■ **Requirement**: Your copy of the data should match it exactly, leaving out only the pictures.

(Source data)
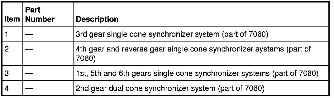 The synchronizer systems are comprised of single and dual cone synchronizer systems. The synchronizers are designed to act as the torque carrying interfaces between each speed gear and corresponding output shaft. The synchronizer design and function are similar to manual transaxle operations.
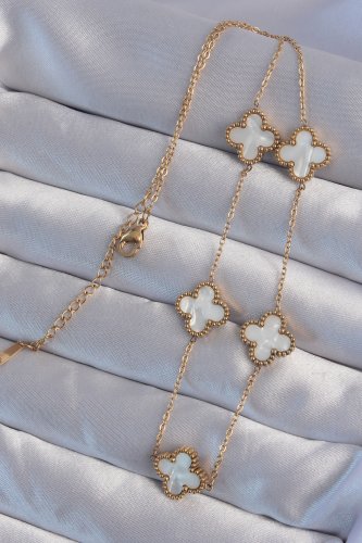 316L Çelik Gold Renk Beyaz Sedefli Yonca Kolye
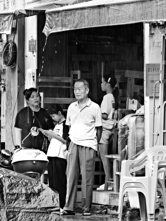 17号午后的湛江市区天气如同台风天,雨下一阵停一阵、又下一阵又停一阵、循环往复,令人不禁烦躁不安。 在赤坎老街周边避雨期间,随机拍摄了阴雨天气笼罩下的老街周边百姓的“众生相”。 Shot on vivo X100 Ultra.
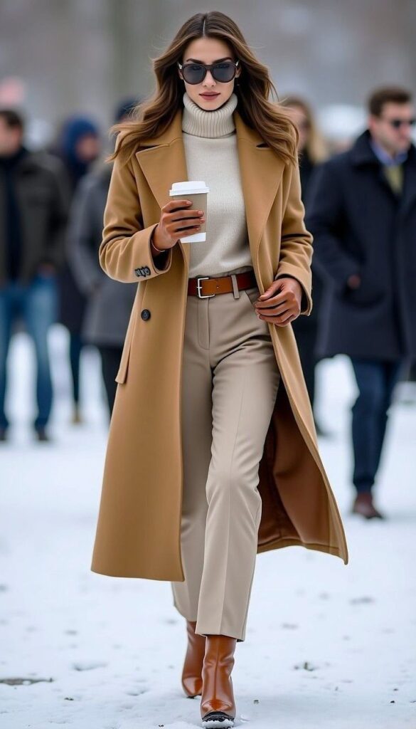 Main Piece: Camel wool coat (structured, belted waist)
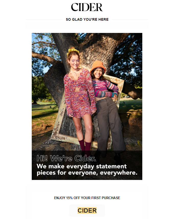 For example, look at the welcome email of Cider, they welcome the customer and offer a 15% discount on the first purchase.
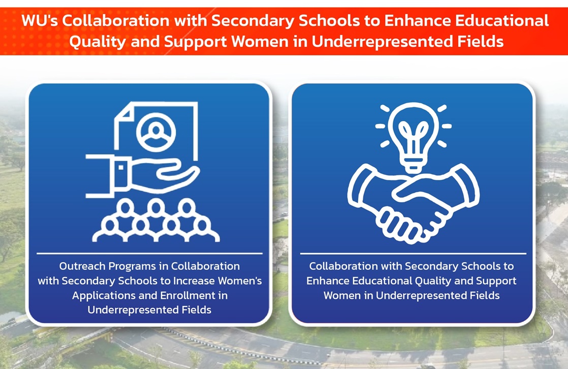To further address gender disparities, Walailak University has developed and organized a series of outreach activities aimed at inspiring female students to pursue careers in underrepresented fields. WU recognizes that women remain underrepresented in areas such as engineering, architecture, and medicine, partly due to societal perceptions, particularly in Thai culture, that these fields are more suited to men.
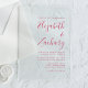 This simple modern wedding invitation features magenta text on your choice of a clear or frosted background. Add the names of the bride and groom in stylish handwriting calligraphy and the details in sans serif font.

■ **Answer section**:
 The synchronizer systems are comprised of single and dual cone synchronizer systems. The synchronizers are designed to act as the torque carrying interfaces between each speed gear and corresponding output shaft. The synchronizer design and function are similar to manual transaxle operations.
 316L Çelik Gold Renk Beyaz Sedefli Yonca Kolye
 17号午后的湛江市区天气如同台风天,雨下一阵停一阵、又下一阵又停一阵、循环往复,令人不禁烦躁不安。 在赤坎老街周边避雨期间,随机拍摄了阴雨天气笼罩下的老街周边百姓的“众生相”。 Shot on vivo X100 Ultra.
 Main Piece: Camel wool coat (structured, belted waist)
 For example, look at the welcome email of Cider, they welcome the customer and offer a 15% discount on the first purchase.
To further address gender disparities, Walailak University has developed and organized a series of outreach activities aimed at inspiring female students to pursue careers in underrepresented fields. WU recognizes that women remain underrepresented in areas such as engineering, architecture, and medicine, partly due to societal perceptions, particularly in Thai culture, that these fields are more suited to men.
 This simple modern wedding invitation features magenta text on your choice of a clear or frosted background. Add the names of the bride and groom in stylish handwriting calligraphy and the details in sans serif font.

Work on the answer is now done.